Deep ridge regressed epitope predictor

The Deep Ridge Regressed Epitope Predictor (DRREP) is a deep neural network composed of 5 hidden layers, but only a single learning layer. The first layer is a randomly generated array of k-mers, used to perform feature extraction using basic string mismatch functions, with the mismatch number set to 0. Because the activation function just counts and outputs how many times a particular k-mer occurs in the input string, it can also be considered to be using a bagging method introduced by Leo Breiman [47]. But because each k-mer is slid across the entire input sequence, with the second neural layer performing a pooling computation, the first layer can also be considered as performing a convolutionary computation. The second layer is composed neurons which form a normalization pooling layer. The third is a layer of linear neurons, whose weights are set analytically using a simplified ridge regression algorithm [48]. The hidden weights of the linear neural layer are analytically computed using a matrix inverse, in our case, the Moore-Penrose generalized inverse, a method also used in a number of other machine learning algorithms [4952]. This is followed by a fourth scaled average pooling layer, and then a final fifth thresholding layer. This final fifth layer is composed of a single threshold neuron whose synaptic weights are deduced by DRREP using the validation scores of the sub-networks it is composed of, acquired during the training process. These validation scores are used to weigh the sub-network contributions to the final classification score. In essence, making the DRREP function as a type of ensemble of sub-networks.

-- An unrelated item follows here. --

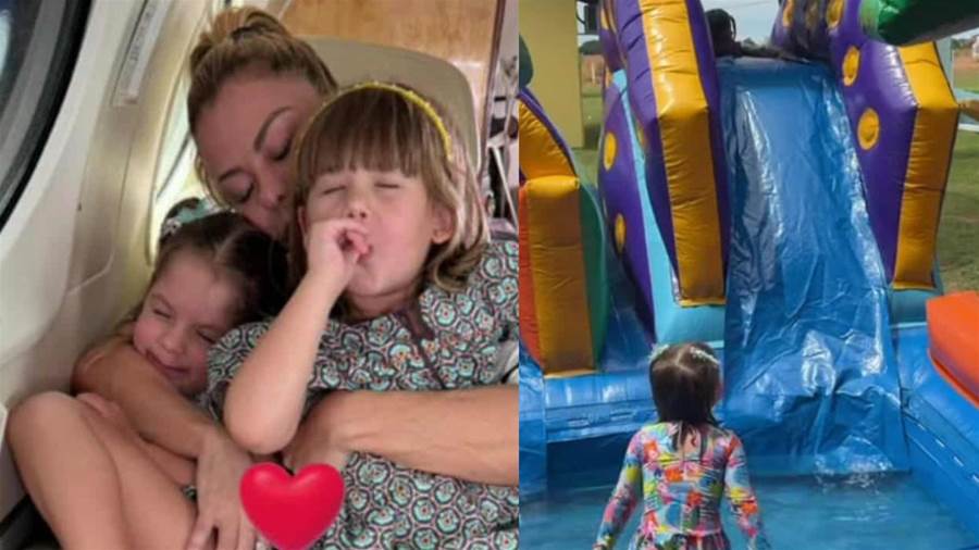Além de postar um registro em um jatinho particular com Maria Alice e Maria Flor, Poliana mostrou as pequenas se divertindo em brinquedos infláveis. Nas primeiras imagens, as herdeiras de Virginia e Zé Felipe aparecem brincando em um escorregador com piscina, depois, elas estão se divertindo em uma cama elástica.

In the following subsections we discuss the Moore-Penrose generalized inverse calculated synaptic weights, followed by a pseudo-code and a detailed discussion of the entire DRREP pipeline.

Calculating synaptic weights analytically

DRREP can be applied to a continues sequence of any length, producing a score for each residue. The way DRREP does this internally is by using its sliding window to cut the long sequence into sub-sequences, score each subsequence, and then recompose the sub-sequences, averaging out the prediction for each subsequence such that the resulting longer sequence has a score for each residue. Thus, DRREP has a long sequence as input, and then it internally cuts it down to create a dataset of Y columns and X rows, where Y is the length of the sliding window used (chosen by the researcher during the training phase), X=T o t_R e s i d u e sS l i d i n g W i n d o w L e n g t h+1, and T o t_R e s i d u e s is the total number of residues in the original long input sequence.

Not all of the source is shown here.